Pesquisador: Fale sobre sua prática docente.

Professora: Procuro uma prática variada, dinâmica e contextualizada para que o

aluno se insira no cotidiano. Dessa prática fazem parte a leitura de um jornal

escrito com análise e produção dos principais gêneros utilizados pelos jornais e a montagem de um jornal no laboratório de informática e leitura e análise literária

de livros paradidáticos (grifo nosso).

Este diálogo ainda pode ser observado quando a professora lista, no PE, os objetivos da produção de textos, embora aqui a noção de gêneros seja ofuscada pela estrutura textual.

Objetivos da produção de textos

1) Produzir textos narrativos, tomando como base a noção de enredo e suas partes. 2) Conhecer e operar o conceito de tempo narrativo na produção de textos.

3) Desenvolver técnicas de argumentação, tomando como estratégias: a apresentação de razões e conclusões; a adequação do argumento ao interlocutor.

4) Produzir textos argumentativos relacionados às necessidades reais de

5) Conhecer e produzir o texto dissertativo, observando aspectos como adequação de linguagem, objetividade, etc.

6) Conhecer a estrutura convencional de textos dissertativos. Produzir textos dissertativos de acordo com essa estrutura (grifo nosso).

O que parece paradoxal é o fato de a professora, ao ser interrogada sobre as necessidades dos alunos em relação à produção textual, apresentar como necessidades de aprendizagem dos alunos assuntos de ordem mais gramatical:

Pesquisador: Do seu ponto de vista, quais são as necessidades dos alunos quanto à

produção textual escrita?

Professora: necessidade de expansão do vocabulário; interpretação do enunciado;

estruturação de frases; ortografia; tempos e formas verbais (conjugação); acentuação gráfica; pontuação; colocação pronominal.

No entanto, podemos desfazer o paradoxo se levarmos em consideração que a professora aponta para o trabalho pedagógico duas concepções distintas de texto, de produção textual: a) de um lado, a tipologia escolar já consagrada (texto narrativo e texto dissertativo, conforme parte cinco do PE); b) de outro lado, os gêneros (o projeto um, que trata do jornal).
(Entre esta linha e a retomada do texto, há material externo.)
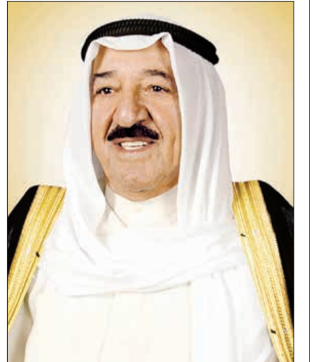
صاحب السمو الأمير الشيخ صباح الأحمد

أشاد مبعوث الأمم المتحدة إلى اليمن مارتن غريفيث بجهود صاحب السمو الأمير الشيخ صباح الأحمد ونجاحه في مواجهة تحديات الحرب وإرساء السلام. وقال غريفيث، في إحاطة خلال جلسة عقدها مجلس الأمن بشأن اليمن، «تشرفت مطلع الأسبوع بلقاء صاحب السمو الأمير الشيخ صباح الأحمد، واني لا أستطيع أن أتذكر شخصاً آخر غيره نجح في مواجهة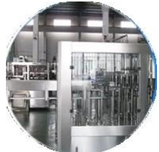
Archivado de enfriamiento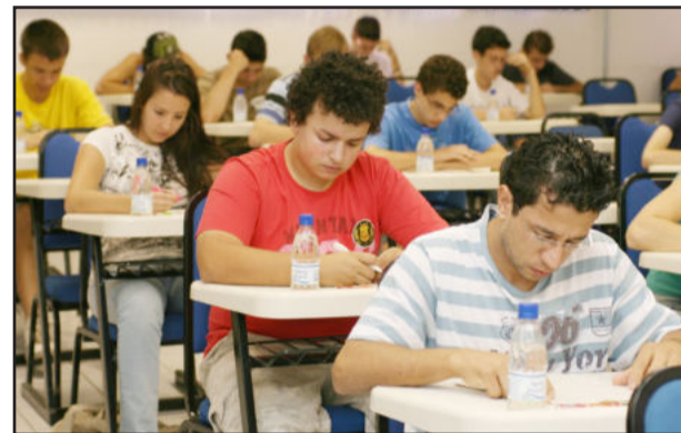
Provas foram aplicadas domingo

A Univates realizou neste domingo, dia 19, seu maior Vestibular de Verão dos últimos anos. O processo seletivo contou com mais de 2,2 mil candidatos para cerca de 40 cursos. A movimentação desde o início da manhã foi grande nos câmpus de Lajeado e de Encantado, especialmente das 8h às 13h, horário em que a prova foi aplicada. Os cursos mais concorridos desta edição foram Direito noturno, Arquitetura e Urbanismo e Biomedicina. Os candidatos, oriundos de cerca de 90 municípios do Rio Grande do Sul, escolheram, em sua maioria, o espanhol como língua estrangeira, seguido do inglês e, em menor proporção, do alemão.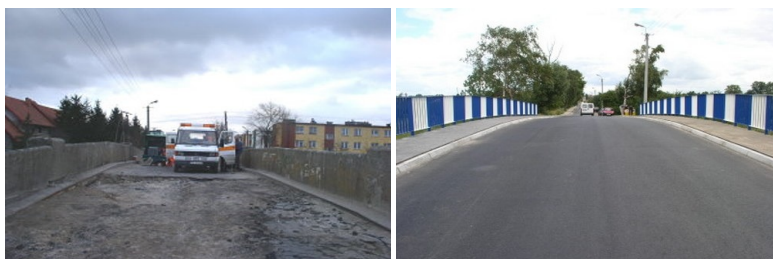
Przebudowa ulicy Leśnej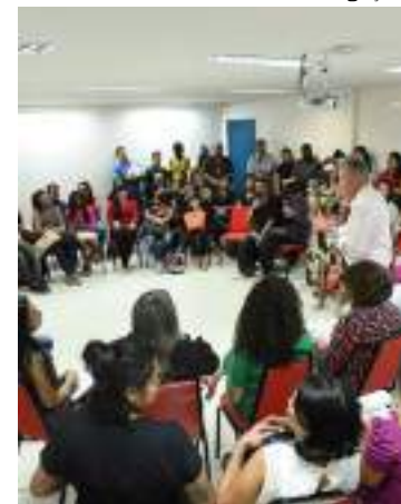
Núcleo de Empreendedorismo e Inovação da FST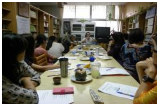
東石高中生命教育教師社群

De uma forma ou de outra, sendo coerente ou não com o PE, a resposta da professora pressupõe, intuitivamente, digamos assim, o trabalho com os gêneros. Ademais, a própria idéia de dinamicidade pretendida já é bastante sugestiva, principalmente se pensarmos na dinamicidade dos próprios gêneros do discurso.

Outro aspecto interessante na resposta da professora é a prática contextualizada para a inserção do aluno nas diferentes interações sociais, o que pode remeter ao trabalho de produção textual pressupondo a situação de interação específica para a produção textual. O conhecimento prévio dos gêneros através da leitura do jornal e a análise (mesmo que apenas dos aspectos lingüísticos) dos principais gêneros utilizados pelo jornal são também aspectos positivos do trabalho da professora sugerido pelo PE que merecem ser destacados. E, como se não bastasse, a intenção da montagem de um jornal no laboratório de informática e sua posterior exposição ao leitor revela o interesse com o leitor efetivo e o trabalho articulado

com as novas tecnologias. Contudo, vale relembrar, e também lamentar, o que já discutimos na análise do PE da professora quanto à concepção de leitura (e à concepção de escritura também) da professora, uma vez que parece valorizar, pelo menos no PE, só a leitura de obras literárias e para-didáticas, deixando a leitura do jornal e a produção dos gêneros jornalísticos para um segundo plano ou esquecendo-os. No mais, a postura da proposta pedagógica da professora revela muito mais aspectos positivos merecedores de crédito do que negativos.